I think people naturally do that as a way of showing their own concern, making sure their concern is registered and recognized. But to some degree it can be selfish, overlooking the pain of forcing the sick person to dramatize.

Sartre wrote about life as perpetual act, but he put it in strenuous, moralistic terms: You were a liar, living in bad faith, when you dramatized your predicament, allowing social roles to define you. G. put the issue of dramatizing your life in much more humane and forgiving terms. The problem with acting is not some metaphysical wrongness or dishonesty; the problem is simply that it causes pain, and it’s a pain we can never quite escape. The best we can do is think carefully about that pain, notice how our acting causes it, and try to defy or subvert the roles that are pre-written for whatever situation or predicament we are in.

My favorite part of G’s memoir A Kind of Testament is his description of a trip to Rome after the publication of Ferdydurke. A Polish painting student he met there wondered about his disinterest in the beautiful churches. He said they all looked the same inside, but in reality his distaste at visiting St. Peters and the other monuments of Western civilization was a desire to avoid the standard act of feeling humbled and dwarfed by them, having to take your hat off. The painter said, well why don’t you just not take your hat off? So that’s what he did. He went into the churches with his hat on and this choice empowered him.

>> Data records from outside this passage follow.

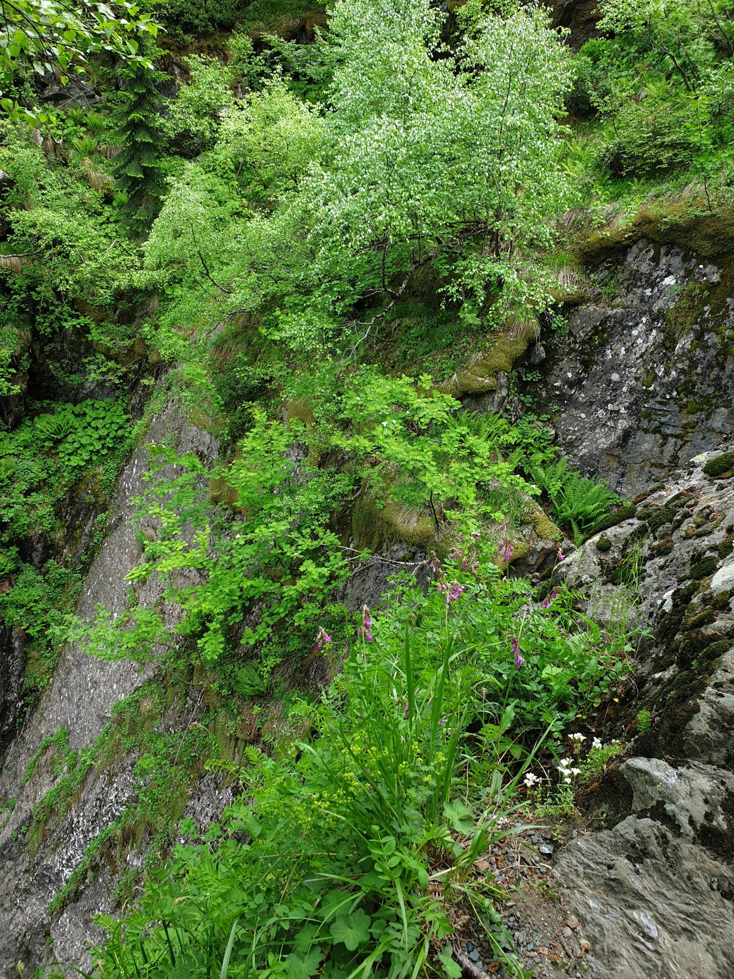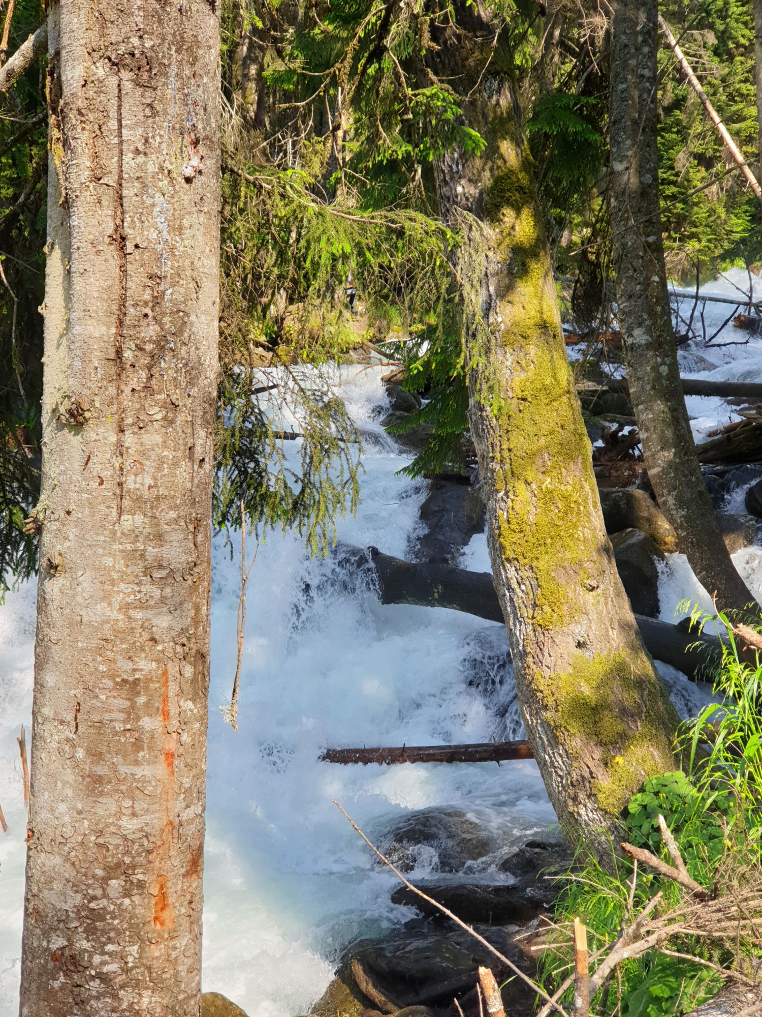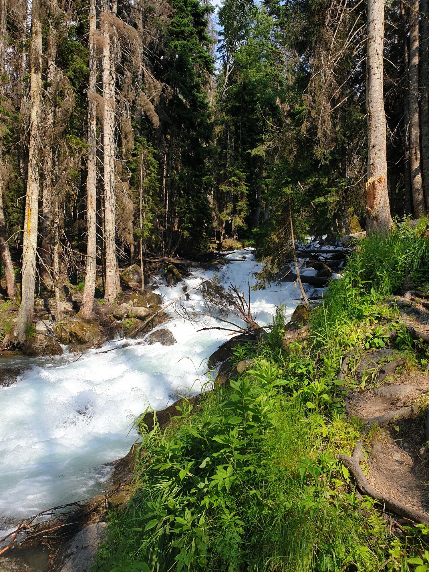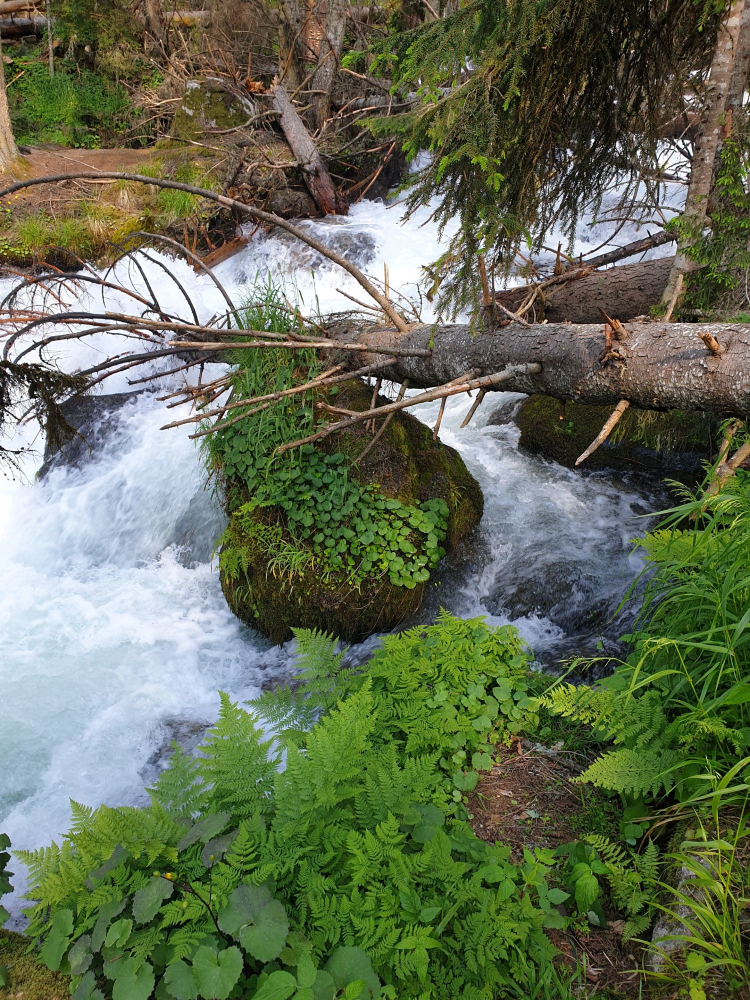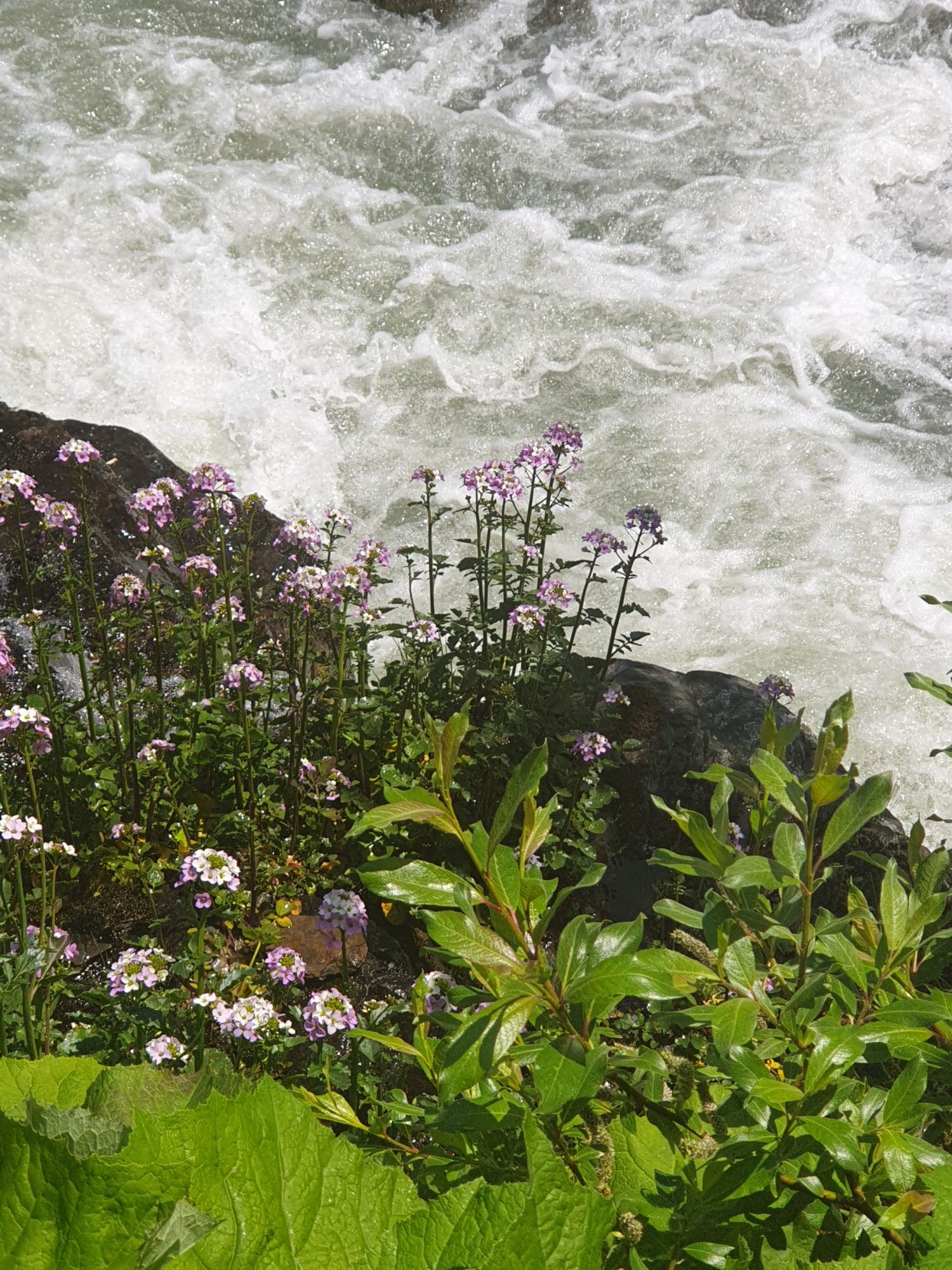 12 июля 2022 Продолжаю. Розы, значит... не отчет об отпуске, а какая-то исповедь получается. И я, вероятно, еще об этом пожалею. Совершенно точно пожалею. Что в очередной раз душу наизнанку. Но уж как есть. Значит так сейчас надо. В этой части про розы не будет. А будет про Домбай и обломы. А еще про равновесие. И про то, что порой судьба лучше нас знает, что нам надо, а чего не надо. На следующий день решено было ехать в Домбай. К высоте пообвыклись, ноги потихоньку пошли, прогноз погоды дает шанс. Правда яндекс говорил, что днем там максимум +9 будет, но +9 по-Домбайски оказались вполне себе жаркими в лесу и даже очень жаркими в поселке среди камня и асфальта. Выехали мы не слишком рано, не так рано как хотелось бы. Потому что вчерашние 20км давали о себе знать. (С чего бы это?). По совету Юли @Juliay через перевал Гум-Баши не поехали. Дорога там, конечно, красивая, но еще и в прошлом году была на минное поле похожа. Воспользовались другой дорогой: тоже немноголюдно, тоже перевал и серпантины, тоже красивые виды, а дорога очень и очень неплохая. И всего плюс 20-30 минут ко времени. А через 2.5 часа впереди замаячили заснеженные горы Тебердинского заповедника и Домбая Из разных вариантов маршрутов по заповеднику мы рассматривали на тот день два, оба к водопадам, но разным. И разной степени сложности. Финальный выбор отдала в руки домочадцев. Они выбрали более сложный. У меня вызывало это некоторые опасения, т.к. я не уверена была в своих силах. А еще читала, что в это время у водопада бывает снежник, по которому не всегда безопасно ходить. Но мои очень уж хотели. "Если что, издали посмотрим", - сказали они. Итак, было решено идти к Суфруджинским водопадам. Предполагаемая длина маршрута порядка 7 км в одну сторону, конечная точка на высоте более 2000м нум, погранзона с оформлением пропусков на кпп заповедника в начале маршрута. Там же, совсем недалеко от точки старта можно заглянуть на Чертову мельницу - любопытное место на реке Аманауз. И вот он, облом первый. Маршрут закрыт! Зимой и весной были сходы лавин и сейчас на маршруте еще куча снежников (это огромные такие снежные языки и скопления, толщиной зачастую больше метра, плотные в холодное время года, но в июне активно начинающие таять, поэтому совсем не безопасные для таких как мы) . Дойти можно только до Чертовой мельницы, дальше погранзона и пропуска в нее сейчас туристам не оформляют. А чертова мельница - это 700 метров всего. Вместо 7ми-то км! И время такое, что на второй маршрут мы уже не успеваем. Ну что ж, идем до Чертовой мельницы. Вы, конечно, понимаете, что я была бы не я, если бы не постаралась поскорее изничтожить свое разочарование и не радовалась бы каждой травинке, каждому ручью и каждому новому сюжету для кадра. Ущелье Аманауз известно как кухня погоды. Здесь часто зарождаются ураганы и метели, здесь часто сходят лавины и сели. В июне с приходом тепла повсюду в горах ледники и снежники начинают активно таять, реки становятся особенно полноводными и бурлящими, на склонах гор десятки безымянных водопадов больших и маленьких, снежные языки спускаются прямо в воду. И цветы... их бесконечно много. И на разной высоте будто разное время года. Вообще подъем в это время в горах сродни путешествию во времени: от лета к ранней весне на подъеме и обратно на спуске. А эти 700м... это между точками на карте. А на деле... перепад высоты на ма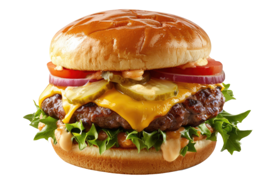 Juicy beef burger with cheese fast food restaurant delicious isolated on transparent background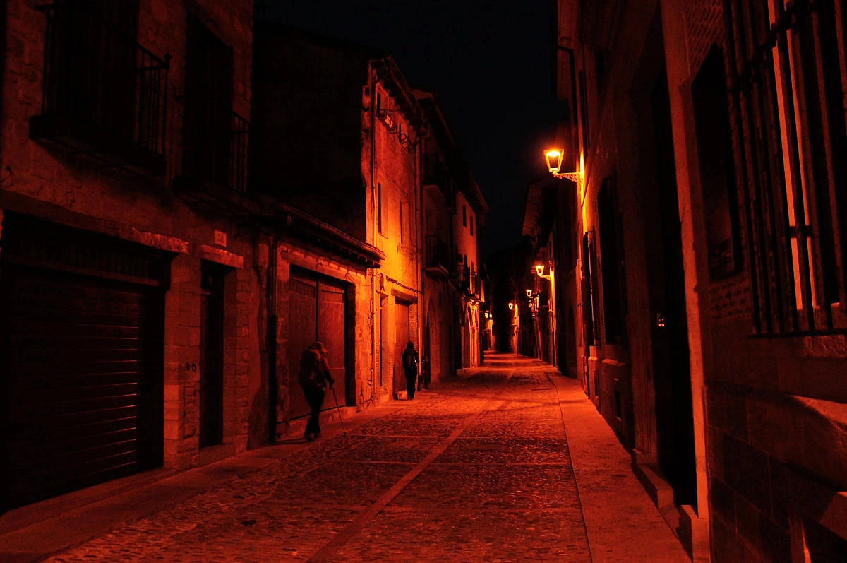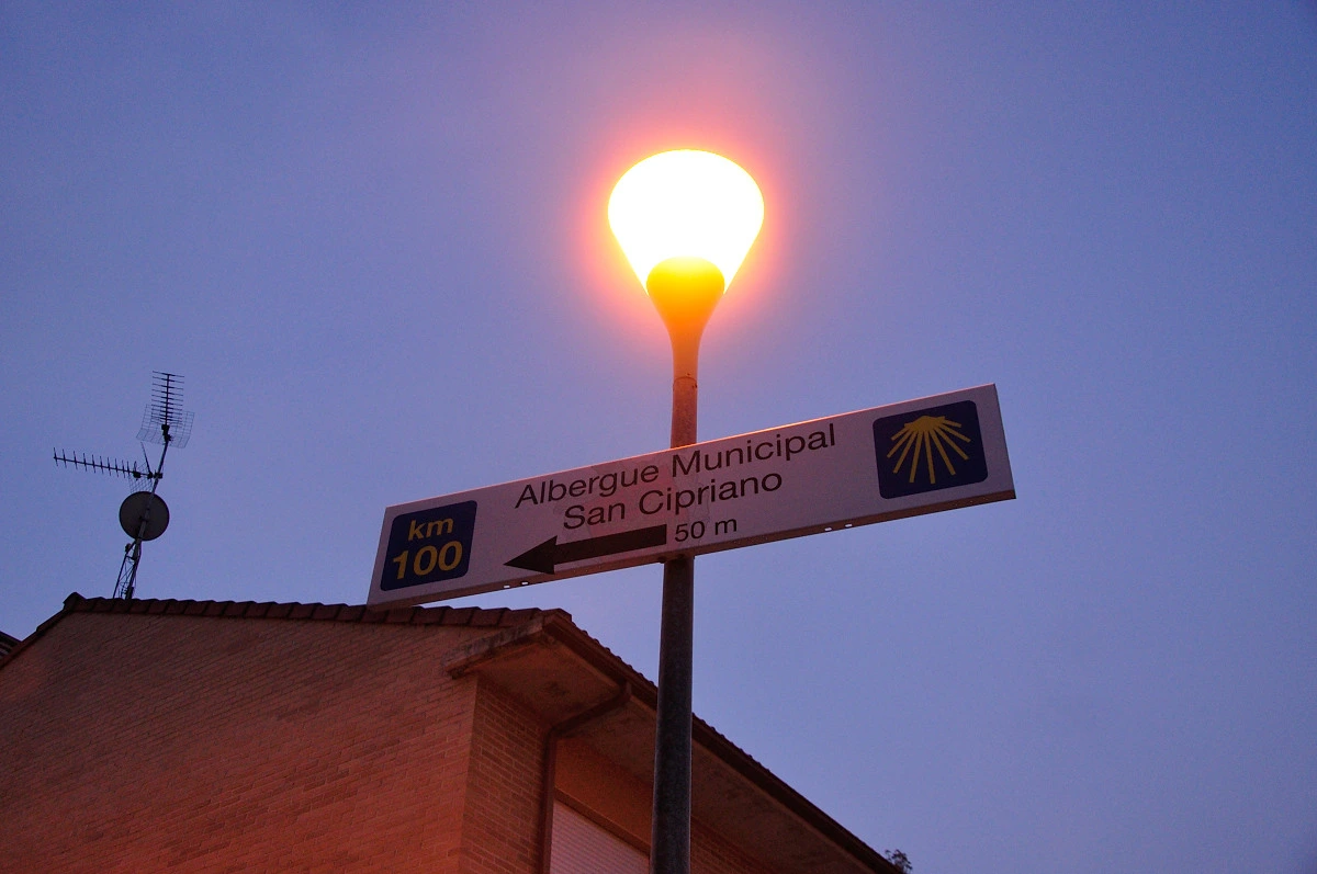 오늘도 6시가 조금 넘어서 알베르게를 나섰다. 시원한 공기를 마시면서 다니는것은 좋지만 사진을 찍으려는 나한테는 그닥 좋지 않은 상황이다.빛이 부족하여 사진으로 무엇인가 남기기에 좋은 조건이 아니기 때문이다. 삼각대마저 없으니 더욱 그렇다. 마을을 가로질러 도로변을 따라가다 표시를 잃어버려 조금 헤매였다. 새벽이라도 완연하게 밝은 날이 아니기 때문에 자칫 노란색 화살표가 안보이는 경우가 발생하는데 오늘이 그런날이다. 뒤돌아 내려가서 주변을 살핀후에야 횡단보도 건너편에서 노란색화살표를 찾았다.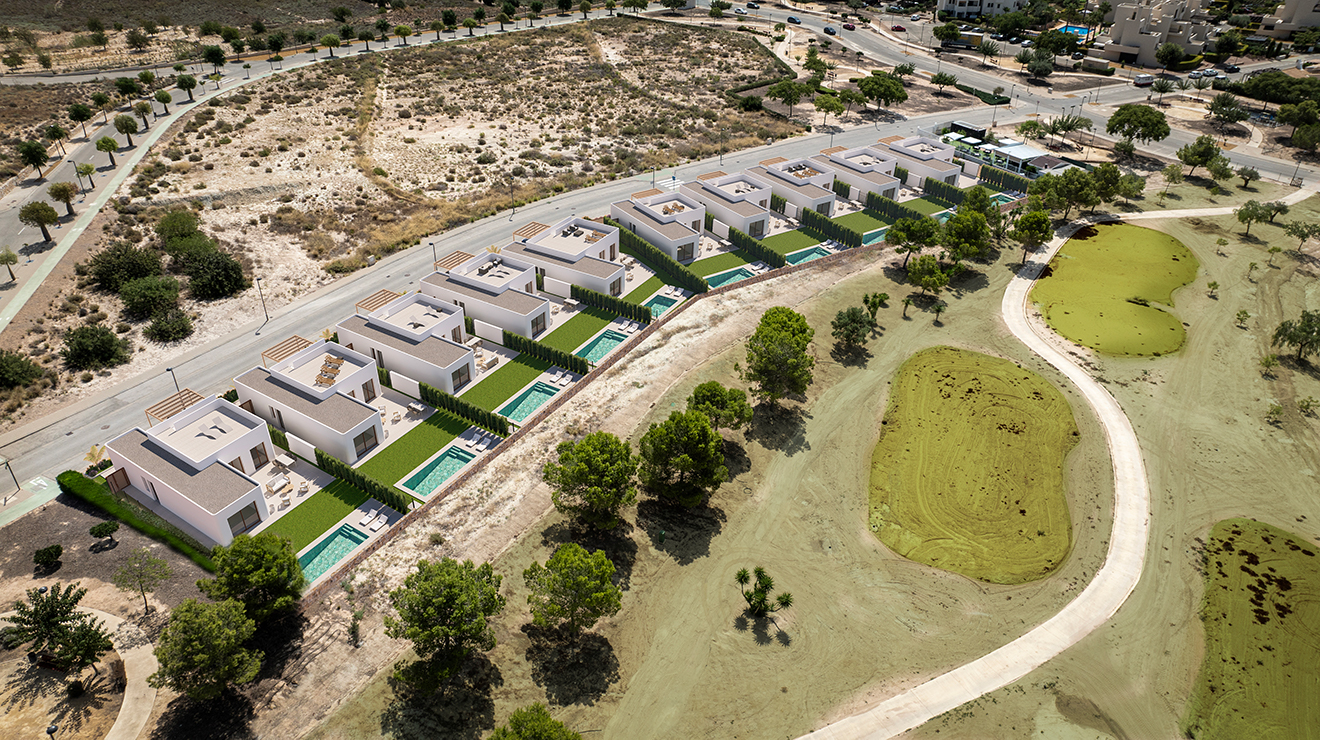 Nuestras promociones inmobiliarias están pensadas para un estilo de vida mediterráneo premium. Villas de diseño moderno, con el máximo confort y la mejor ubicación: con vistas al campo de golf de Corvera Hills Golf. Aportamos un diseño que suma, con viviendas adaptadas al clima y pensadas para crear ese hogar que abraza y cobija.

Death is like a big awesome dark cathedral. It is so frightening that mostly we ignore it or push it out of view. But then when we are dragged kicking and screaming to its doorstep, we genufluct and bow and scrape. We are frightened and humbled by it, and we go through the postures and the poses and make the grimaces of awe and fear. Because that’s what other people expect of us. In other words, we remove our hats. Or, we go to great lengths to try and escape it, flee from it, which is kind of like chasing after our hat in a wind. And as some European writer said (not G.), there’s nothing so absurd as a man chasing after his hat.

So I hope that, when eventually I do approach the doors of that cathedral, I figure out how to do it on my own terms—maybe by just not taking my hat off.